GRP Rainer Lawyers and Tax Advisors in Cologne, Berlin, Bonn, Düsseldorf, Frankfurt, Hamburg, Munich, Stuttgart and London conclude: A will can give rise to disputes among the heirs, particularly if legal heirs feel they have been overlooked or not adequately taken into consideration. If they have good cause to do so, they can challenge the will. Following a successful challenge, the will becomes invalid and the rules of intestate succession kick in.

Having said that, it is not always the case that the entire will becomes invalid automatically. Certain individual passages need not necessarily be affected by the will becoming null and void. Generally speaking, these are the instructions that the testator has issued wholly independently of the void declarations.

A will can only be challenged by those who are entitled to do so. This normally includes the legal heirs, the preliminary heirs or the revisionary heirs. The challenge needs to be declared vis-à-vis the probate court within a period of one year after becoming aware of the grounds for challenge.
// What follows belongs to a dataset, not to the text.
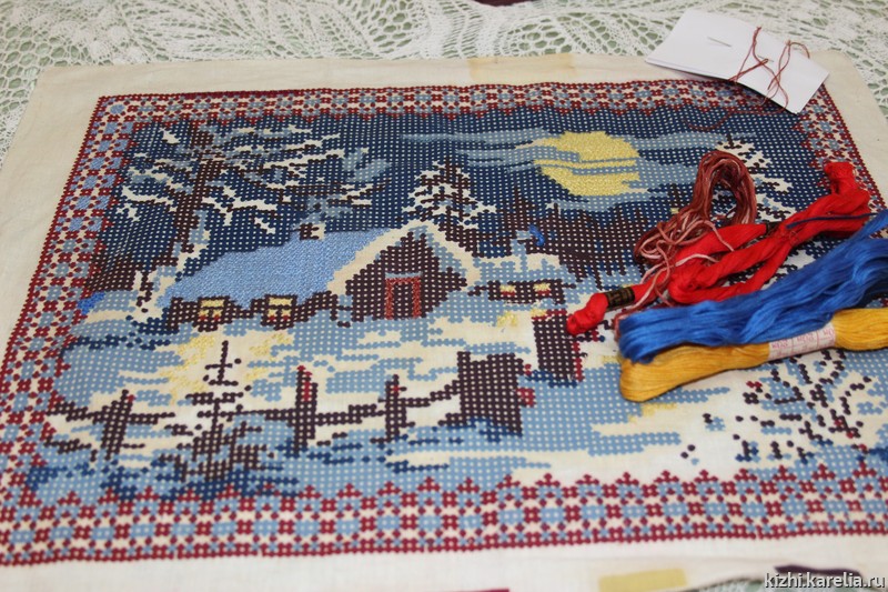 Полное название новой этнографической выставки — «Между модой и традицией. Женские рукоделия в городе и деревне. Конец XIX века — 70-е годы XX века». Автор выставки Людмила Трифонова — ведущий научный сотрудник музея «Кижи» — давно изучает такие темы, как крестьянский и городской интерьеры, народный костюм, традиционное искусство. Людмила Викторовна очень тщательно и с большой любовью отбирала экспонаты для выставки: это и предметы из фондового собрания музея «Кижи», в том числе мебель, скатерти, половики, костюмы горожанок и крестьянок, образцы вышивки, украшения, это и семейные реликвии сотрудников музея.

The will must be contested no later than 30 years after the inheritance has accrued.

One good cause for challenging a will is an error relating to its content, i.e. the testator has made a mistake regarding the content of the testamentary disposition or did not want to issue a disposition with this content in the first place, and it is probable that he would not in full knowledge of the facts have made such a declaration. Ultimately, the aim is to determine and implement what is believed to be the testator’s actual intentions. Other grounds for challenging a will may include a mistake pertaining to a declaration or a mistake in motive. In the case of the former, the testator might simply have made a mistake in writing, for example; in the case of the latter, he will have proceeded on the basis of incorrect assumptions. Of course, it is also possible to challenge a will in the event that the testator made the dispositions under duress.

Testators should make sure when preparing a will that the dispositions are clearly and unambiguously worded and that none of the relevant legal provisions are overlooked, e.g. those concerning claims to a compulsory portion. In this way, subsequent disputes among the heirs can be avoided. Lawyers who are versed in the field of succession law can advise on all matters pertaining to wills or contracts of inheritance.